Still, the Davis property is not without reminders of Dad’s high-tech profession and spectacular musical career that make all this possible. Among the tall grasses, oaks and maples are mounted microphones, carefully placed 200 feet apart to record the wind, the birds and rustling leaves. The mikes are wired underground to deliver those sounds of nature to Davis’ recording studio in his basement, where they become integral parts of his recordings, especially the Ambience series. Many of the scenes in Mannheim Steamroller’s visual extravaganzas seen on DVDs or experienced at concerts come from spots right on his land.

A down-home determination

These high-tech intrusions into the peaceful, pastoral scene serve as a reminder of the anomaly Chip Davis is: Like many creative geniuses, he doesn’t fit a mold. He’s a Billboard-topping recording artist who is happy mowing 50 acres on his mid-size John Deere tractor. He’s a classically trained musician, yet he’s an astute marketer with uncanny business savvy. He can focus intensely for days on a project, but, at the same time, possesses a down-home, put-your-feet-up-and-relax easiness.

Perhaps most significantly, he has sold more than 30 million albums his way—outselling Bruce Springsteen and Sting in the last 15 years—against the advice and wisdom of music industry gurus. They told him his 18th-century rock ‘n’ roll, which married classical instruments such as harpsichords and recorders with electric bass, drums and synthesizers, would never work. Many urged him not to bother with Christmas music, because it just doesn’t sell, so he simply started his own label.

“When I hear ‘no,’ or ‘you can’t,’ I say, ‘Oh yeah?’” Davis says. “I get that from my dad and my grandfather. My son has a big case of it, too.”

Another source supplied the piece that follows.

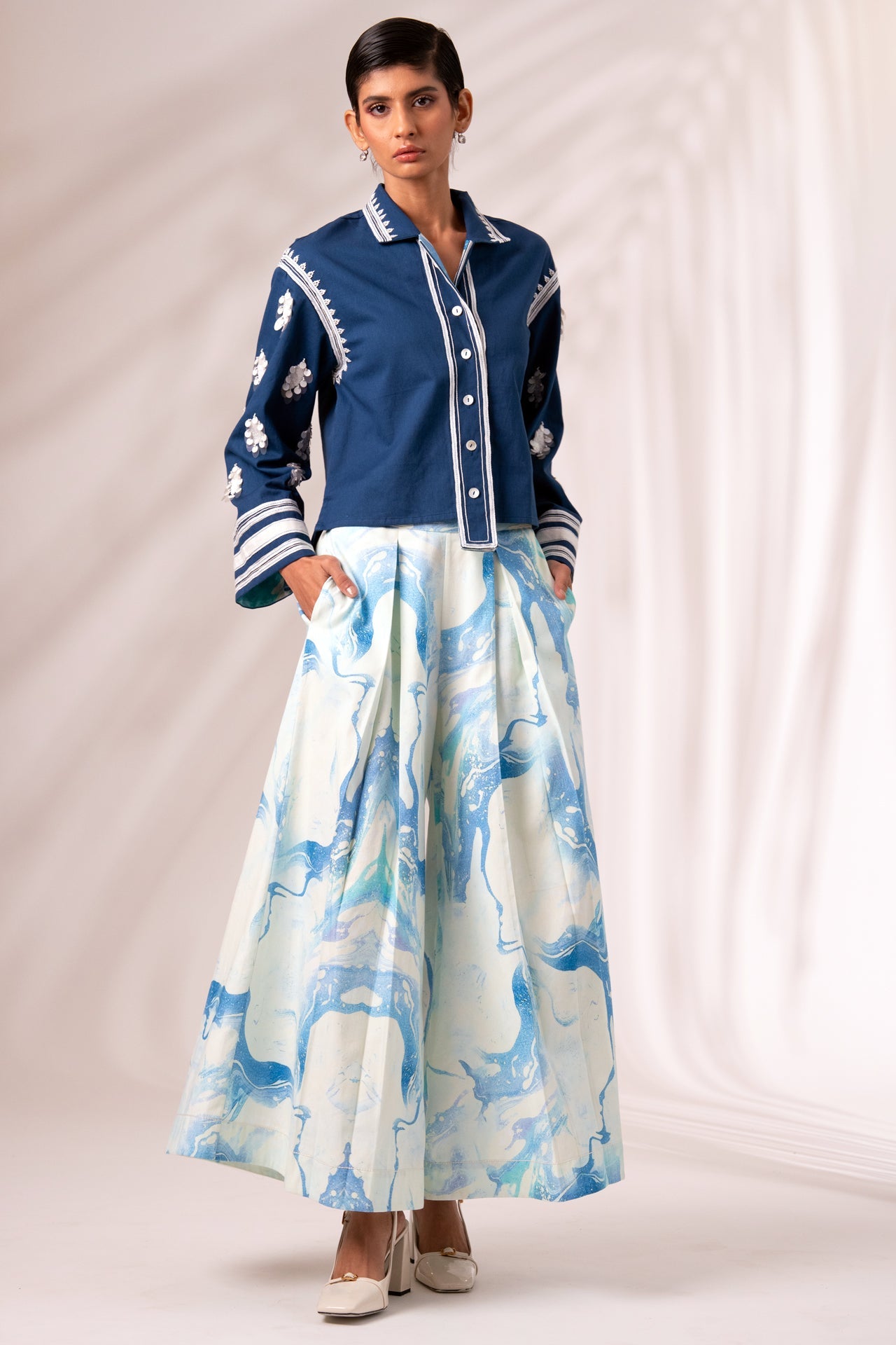 Indigo Cosmo Top + Rico Pleated Culottes
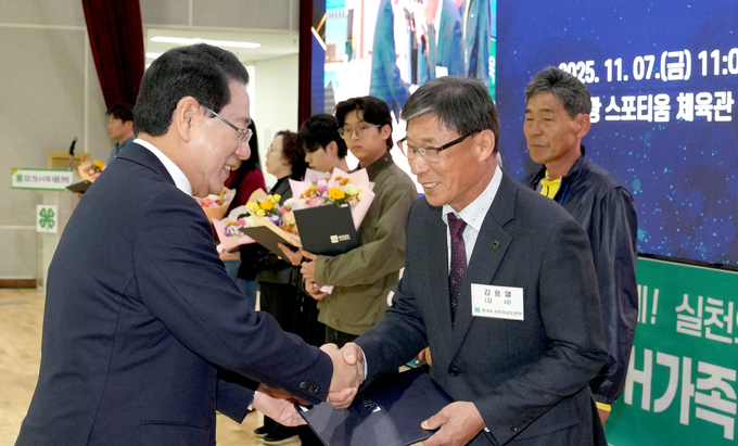 김영록 전라남도지사가 7일 영광스포티움 국민체육센터에서 열린 ‘2025 전남 4-H가족 어울림한마당’에서 유공자 시상을 하고 기념촬영을 하고 있다.

Because of that determination, Davis has been able to continually create new albums that sell in an industry where stars come and go quickly. “I’m not trying to create a fad. Most of my music is classical, so there is something in it that has longevity. It’s hard for others to copy us, so we don’t hit saturation,” he explains. “People are still discovering us.”

Somehow, Davis also finds time for philanthropic work. His concert and album project to benefit Yellowstone National Park generated more than $500,000 and made him the largest private donor in the history of the National Park Service. His latest venture involves equipping hospital rooms with music from Mannheim’s Ambience series. He says nurses in a pilot project in Minneapolis report that the music soothes the anxieties of child cancer patients.

Christmas 2004 finds Mannheim Steamroller releasing its fifth Christmas CD, Celebration, to commemorate the 20th anniversary of its explosion onto the holiday music scene. The annual Christmas concert tour, which started Nov. 19 in Billings, Mont., will end, as always, with a hometown concert in Omaha on Dec. 26.

With books to complement his compositions and new CDs of patriotic and Halloween music, it seems there is no limit to Davis’ creativity. “I love what I do,” he says. “I love the creative process—making things that affect people and make their lives better.”